Numbers in Transformation Matrices

Way too often I see people trying to jump through hoops to get something into transformation matrices. They wonder about the correct order of compositing glTranslate/glRotate/… calls; or they track object axis vectors over time, calculate angles between them, then try to convert that into basic transformation primitives (translate/rotate), then put that into correct order to get some object correctly positioned. Instead of just using the axis vectors they already have!

The single most useful thing I remember from the university: it made me understand transformation matrices; what they actually are and how they work. And believe me, this does give a whole new meaning to life, unverse and everything.

Here I’ll try to explain what the numbers in a regular transformation matrix actually mean. I won’t be touching perspective or other funky matrices, because I don’t actually know how they work. I hope to learn that someday!

What are the values in the matrix?

A regular 3D transformation matrix is a 4x4 grid of numbers (notes on layout below):

Xx Xy Xz 0
Yx Yy Yz 0
Zx Zy Zz 0
Ox Oy Oz 1

In the matrix (Xx, Xy, Xz) is the X vector, (Yx, Yy, Yz) is the Y vector, (Zx, Zy, Zz) is the Z vector and (Ox, Oy, Oz) is the origin (position). One common convention is that X means “right side”, Y means “up”, Z means “forward” and position is, well, position.

What does this mean? Basically two things:

  • If you know the orientation of your object as vectors ("my spaceship points along this vector, and it's "up" is along that vector) and it's position, you can construct the matrix directly! Note that unless the object is skewed, the third axis vector will be perpendicular to the other two and can be trivially found via cross product.
  • If you know the matrix of some object, you can find out it's position and orientation vectors directly. This also makes operations like "move forward by amount" fairly trivial - moving forward is adding Z axis multiplied by amount to the position. You can do all this directly on the matrix if you want to!

Basically that’s it. The coordinate axes are directly in the matrix. If the matrix is for just some rotated object, then the axes are all perpendicular and of unit length. If the object is scaled then the axes are of non-unit length; if the object is skewed then the axes are not perpendicular. Simple as that!
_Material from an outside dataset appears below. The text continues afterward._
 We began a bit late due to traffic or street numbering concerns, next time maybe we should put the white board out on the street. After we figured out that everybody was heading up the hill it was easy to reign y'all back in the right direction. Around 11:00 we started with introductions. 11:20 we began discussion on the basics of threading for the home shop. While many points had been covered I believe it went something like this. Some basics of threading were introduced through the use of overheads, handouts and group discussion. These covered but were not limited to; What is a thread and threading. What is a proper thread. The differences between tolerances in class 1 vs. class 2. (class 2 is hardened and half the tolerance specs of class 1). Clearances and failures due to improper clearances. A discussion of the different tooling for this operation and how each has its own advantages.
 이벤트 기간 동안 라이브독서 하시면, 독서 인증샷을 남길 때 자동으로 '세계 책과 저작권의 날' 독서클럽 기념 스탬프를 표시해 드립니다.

Note on layout and notation

The matrix notation above is like usually presented in Direct3D. OpenGL folks are more used to this notation:

Xx Yx Zx Ox
Xy Yy Zy Oy
Xz Yz Zz Oz
0  0  0  1

which is just transposed form of the above. But it’s actually just the notation, as the layout of matrices in memory is exactly the same between those APIs. That is, if a matrix is represented as array of 16 floats, then X axis is [0], [1], [2] elements and positions is [12], [13], [14] elements in both D3D and GL.

Primitive transformations

Understanding what numbers go into matrices also reveals why the "simple primitive" transformations do look like they look like. For example, a translation matrix is (transpose if you're OpenGL user):
1  0  0  0
0  1  0  0
0  0  1  0
Tx Ty Tz 1
Why it is like this? It should be pretty obvious by now: this matrix represents something that is not rotated in any way in relation to it's parent: the X, Y, Z axes are all just (1,0,0), (0,1,0), (0,0,1) - they correspond to parent axes. The origin is at position (Tx,Ty,Tz) inside the parent. So this is translation!

Similarly for scale:

Sx 0  0  0
0  Sy 0  0
0  0  Sz 0
0  0  0  1

Here the X, Y, Z axis vectors are (Sx,0,0), (0,Sy,0), (0,0,Sz) - just parent axes at different lengths. Scale!
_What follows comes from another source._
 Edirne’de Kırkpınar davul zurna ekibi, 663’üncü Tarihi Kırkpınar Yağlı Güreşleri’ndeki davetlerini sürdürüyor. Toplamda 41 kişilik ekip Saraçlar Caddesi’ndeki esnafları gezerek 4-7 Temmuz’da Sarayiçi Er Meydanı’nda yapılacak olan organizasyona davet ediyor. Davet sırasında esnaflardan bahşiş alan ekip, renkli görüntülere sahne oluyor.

Question now: given a matrix of some object, how would you construct a new matrix that has the object scaled along X axis twice, without doing matrix multiplication? Of course, just multiply the first three elements of the first row by two - it scales the X axis. Note that doing that does not mean it’s going to be faster than matrix multiplication, especially if your matrix math is SIMD optimized (don’t assume anything is going to be faster without asking the profiler first).

That's it!

Well, that’s it. For me this was a breakthrough moment - it made me realize that a matrix is a coordinate space, instead of a bunch of magic numbers that transform stuff into stuff. I was also going to write about how matrices are spaces expressed in terms of other spaces etc., but that proved to be hard to explain. I’ll just keep that for myself!